▸ Recorded information

※ ※ ※

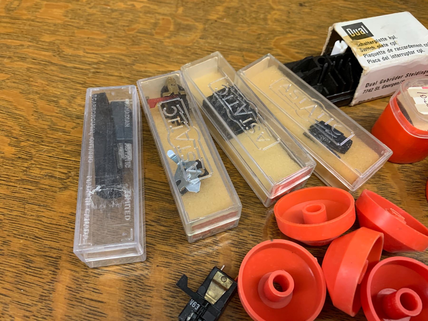 VINTAGE RECORD PLAYER, ELECTRONIC PARTS AND 45 RPM ADAPTERS
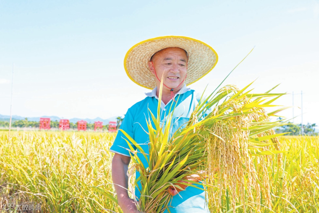 在崖州区坝头南繁公共试验基地,收割者手捧饱满的稻穗,脸上满是丰收的喜悦。
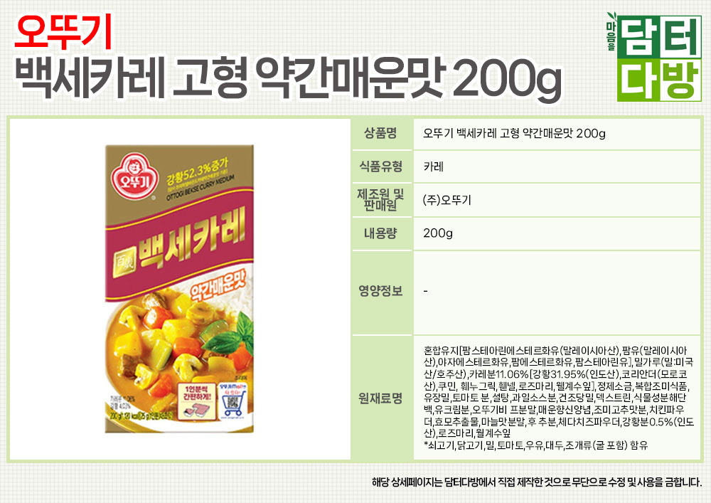 오뚜기 백세카레 고형 약간매운맛 200g x 4개
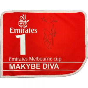 MAKYBE DIVA Glen Boss Signed & Framed Mini Melbourne Cup Saddlecloth

※ ※ ※

▸ Description of the task
Write out, word for word, only the lines from the one containing "오뚜기 백세카레 고형 약간매운맛 200g x 4개" to the end of the data above; the pictures stay out.

▸ Result of this exercise
 오뚜기 백세카레 고형 약간매운맛 200g x 4개
 MAKYBE DIVA Glen Boss Signed & Framed Mini Melbourne Cup Saddlecloth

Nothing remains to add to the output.